The aim of the benchmark, published last week, is to provide a set of common standards for investors to evaluate companies’ progress towards aligning with the Paris Agreement.

CEC, a $4.4 trillion collaborative engagement initiative targeting the country’s heaviest emitters, will benchmark its focus list companies’ commitments and performance against the criteria.

It is working to assess focus companies based on the benchmark, saying investors “can expect to see evaluations” of all companies in the autumn.

CEC is coordinated by Canada’s Responsible Investment Association, the Shareholder Association for Research and Education (SHARE) and Ceres.

Its 27 founding members include RBC Global Asset Management, Alberta Investment Management Corporation, Addenda Capital, Manulife Investment Management, BMO Global Asset Management, Scotiabank and University Pension Plan Ontario.

The 40 firms selected for engagement – which began in mid-2022 – operate across the Canadian economy in the following sectors: oil and gas, utilities, mining, agriculture and food, transportation, materials, industrials and consumer discretionary.

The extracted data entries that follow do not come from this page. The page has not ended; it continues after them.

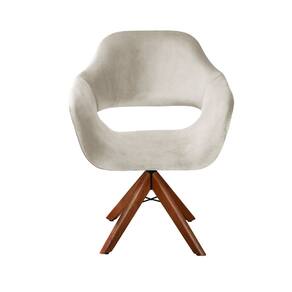 Poltrona Decorativa Zara Pé Giratório de Madeira Sala Recepção Bege Claro
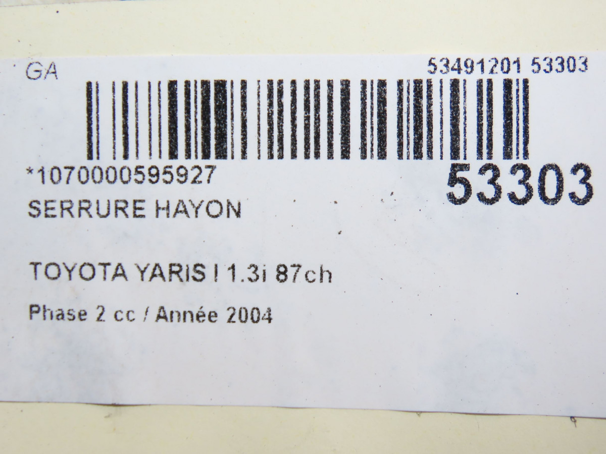 Hayon occasion TOYOTA YARIS I Phase 2 03-2003->12-2005 1.3i 87ch 670050D020
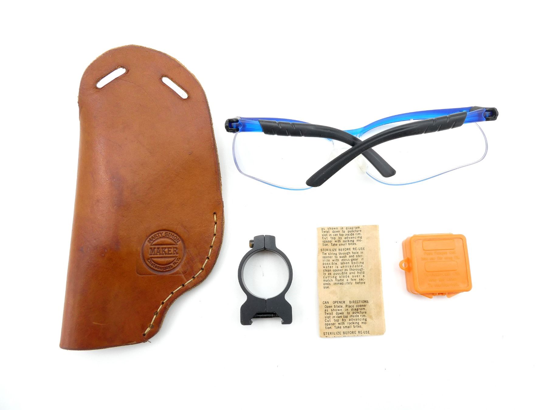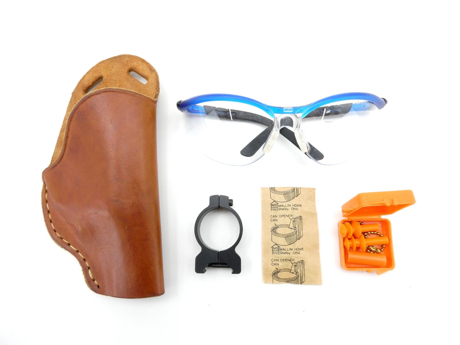 LOT INCLUDES; (1) BROWN LEATHER RIGHT HAND HOLSTER, FITS SMALL FRAME TYPE REVOLVERS / ETC., MARKED: "MARTY SIMON", ETC., (1) PAIR OF SAFETY GLASSES, (1) SET OF COM-FIT EAR PLUGS WITH CARRYING CASE, (1) UNKNOWN 30MM SCOPE RING, UNMARKED, (1) MALLIN HDWE CAN OPENER, APPEARS NEW OLD STOCK IN ORIGINAL SEALED PACKAGING. SEE PHOTOS.
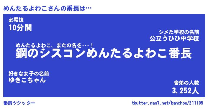 | 欧米人風あだ名 | 『マイケルめんたるよわこ』 |
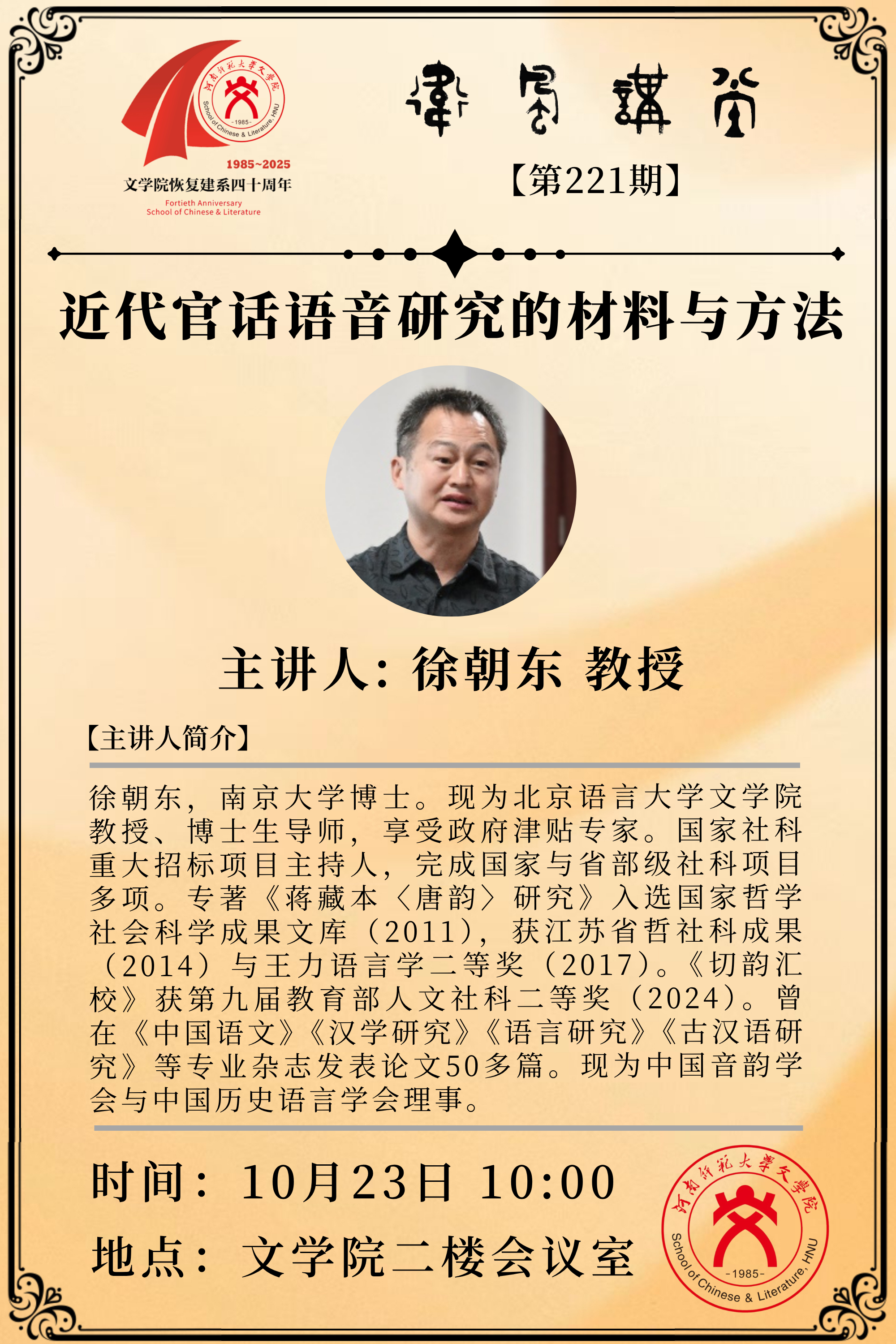 北京语言大学徐朝东教授将应邀做客“卫风讲堂”
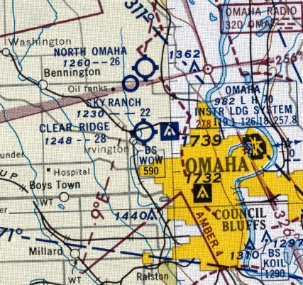 The location of Ak-Sar-Ben Field, as depicted on the 5/1/23 Commerce Department Airway Bulletin (courtesy of Mike Denja).
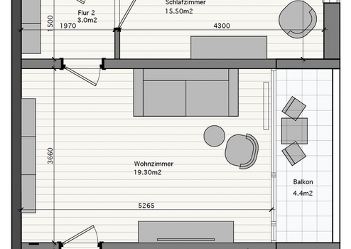 Großzügiges Wohnzimmer mit Zugang zum Balkon
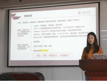 进入企业工作的毕业生也结合自身经历为同学们讲述了企业的招聘流程和面试注意事项。覃凤阳同学通过了五粮液公司的层层选拔,她强调了企业对专业知识的高标准要求,除了对逻辑推理和资料分析等知识性考核外,还会测试对NT动漫的了解程度。进入外企就职的蓝绪悦同学讲述了群体面试和单人面试的技巧,一定要敢于表达自己的想法,并提前准备好中英文自我介绍,对面试中可能出现的问题也要做好充足的准备。唐丽同学主要向同学们分享了两个方面的内容:一是沿海地区与西南地区选调政策的差别;二是选择就职高校辅导员的了解渠道。会上,同学们也积极向毕业生学姐们提出自己在了解就业过程中遇到的疑问。
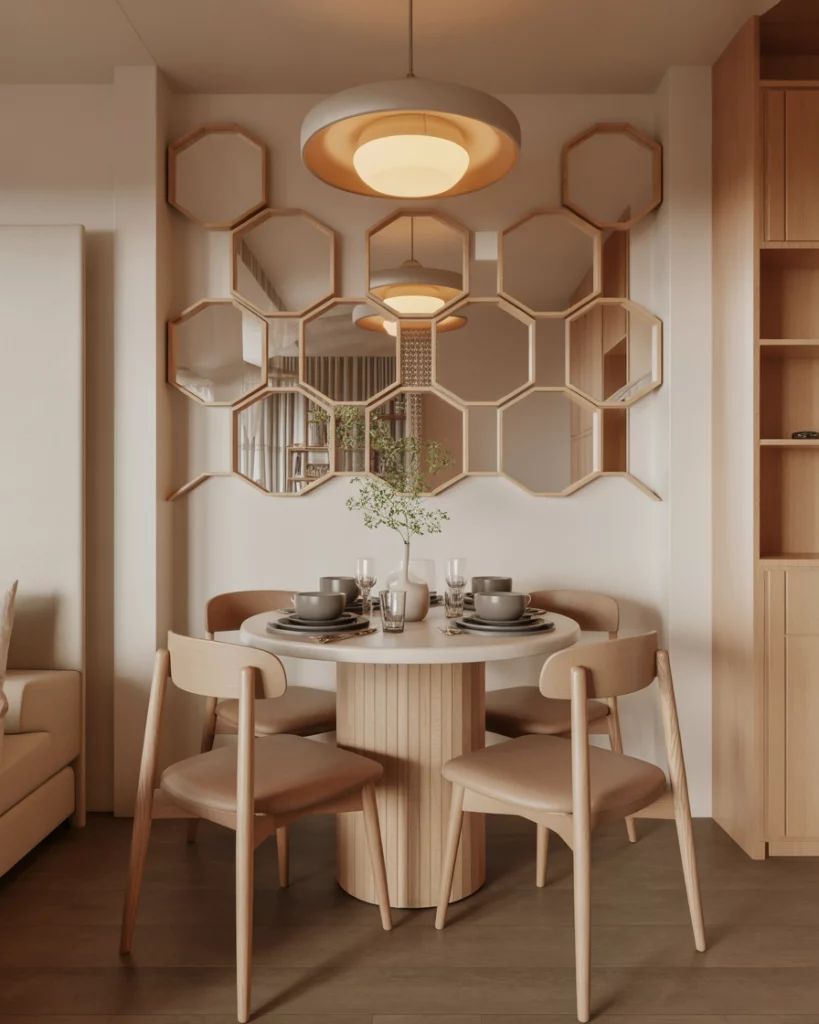 A honeycomb-style grid brings a modern yet playful dimension to compact dining nooks. Its geometric repetition works well in living room ideas for small, simple spaces where dining areas often share visual territory. The structured form feels intentional and sculptural. Many people use dining corners as part-time workspaces, and honeycomb mirrors brighten the zone while keeping the area feeling styled, not improvised.
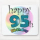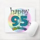 Gelukkige 95ste verjaardag muismat Leuk als cadeau voor iemand die vijfennegentig is geworden. Regenboog kleuren. 95 is in de blauwe kleur.
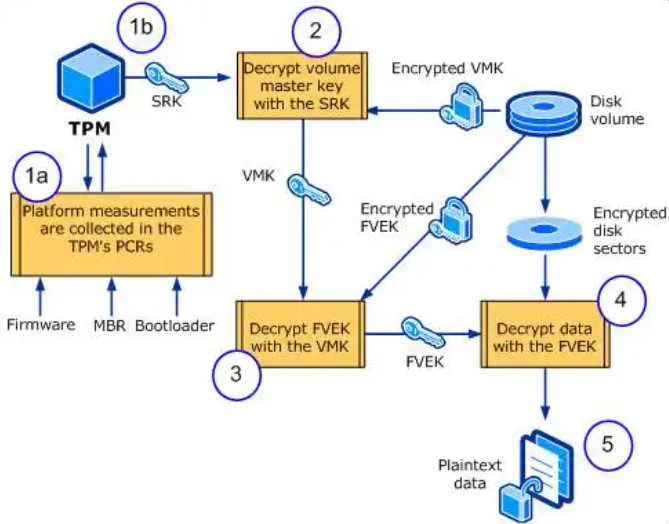 2.如果 PCR 值与期望值相匹配,则 TPM 将使用存储根密钥 (SRK) 对卷主密钥 (VMK) 进行解密。
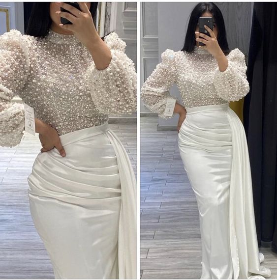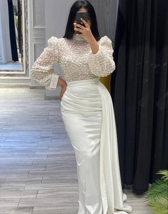White Mermaid Perals Muslim Prom Dress Evening Dress
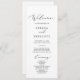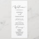 Este delicado programa de festas de casamento de caligrafia negra é perfeito para um casamento moderno. A design romântica minimalista apresenta uma magnífica e elegante tipografia negra num fundo branco com um aspecto simples e limpo. Inclua o nome da noiva e do noivo, a data e o local do casamento, a mensagem do obrigado, a ordem do serviço, a festa noiva e um memorial "em memória amorosa" opcional.
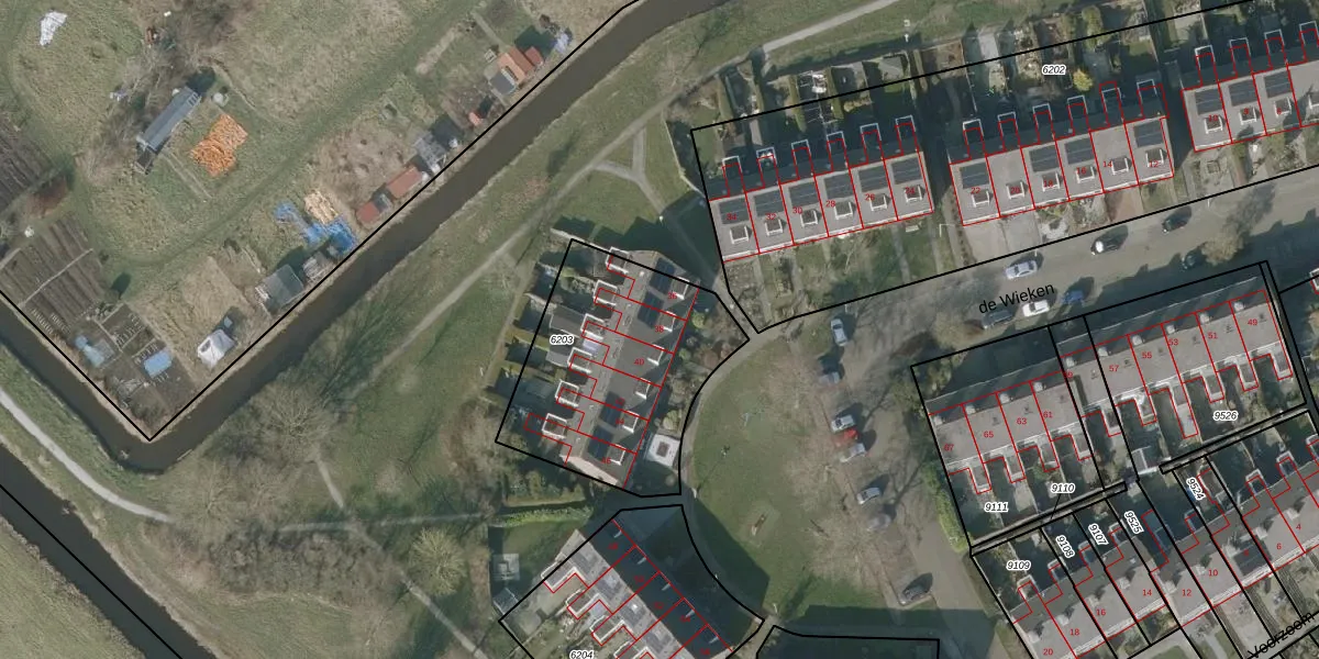 de Wieken 38 is gelegen op kadastraal perceel SNE00C6203. Deze kadastrale aanduiding is uniek en wordt gebruikt door het Kadaster om eigendomsrechten en andere zakelijke rechten vast te leggen. Het perceel maakt onderdeel uit van de kadastrale gemeente Sneek.
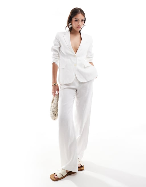 Mango linen cinched waist blazer and tailored trousers co-ord set in white

Earlier this year, CEC kicked off a consultation on the benchmark, which had a strong focus on the Just Transition and the need to safeguard indigenous rights. According to CEC, responses to the consultation came from participant investors, NGOs and Indigenous voices.

The disclosure assessments will be complemented by sector-specific studies of alignment of capital expenditures, lobbying and advocacy activities, and other elements that will help investors assess company progress on climate objectives.

Climate solutions

When comparing the draft benchmark and last week’s version, one difference is that the final benchmark calls for companies to specify the role of “climate solutions”, such as low-carbon technologies, infrastructure or other activities that help displace fossil fuels, in their decarbonisation strategies. The draft version had instead called for companies to specify the role of “green revenues from low-carbon products and services”.

In addition, the final iteration also says the benchmark will “leverage” the Canadian taxonomy when it is published and/or the EU’s criteria on turnover, revenues or green projects “as appropriate”.

In March, the Sustainable Finance Action Council (SFAC) – the body mandated by the Canadian government in 2021 to establish definitions around green and transition investments – published its taxonomy roadmap report.   

The update followed work on Canada’s long-overdue “transition taxonomy” being stalled in early 2022.

Another addition to Thursday’s version in comparison with the previous iteration surrounded bolstering companies’ commitment to the principles of free, prior and informed consent (FPIC) where Indigenous peoples are affected by its decarbonisation strategy.  

This week’s update expands the metric to have companies also outlining “a process to ensure the participation of Indigenous peoples in decisions affecting them consistent with the effective protection of their fundamental right”. 

Unsurprisingly, the benchmark is closely aligned with the one developed by Climate Action 100+ (CA100+).

When the consultation in January was launched, CEC said the benchmark had been designed based on the CA100+ benchmark (version March 2022) “to advance a global standard for climate action”. 

And at the time, a spokesperson for CA100+ told Responsible Investor: “We are in contact with Climate Engagement Canada, and the two initiatives will seek to align their benchmark methodologies where appropriate.”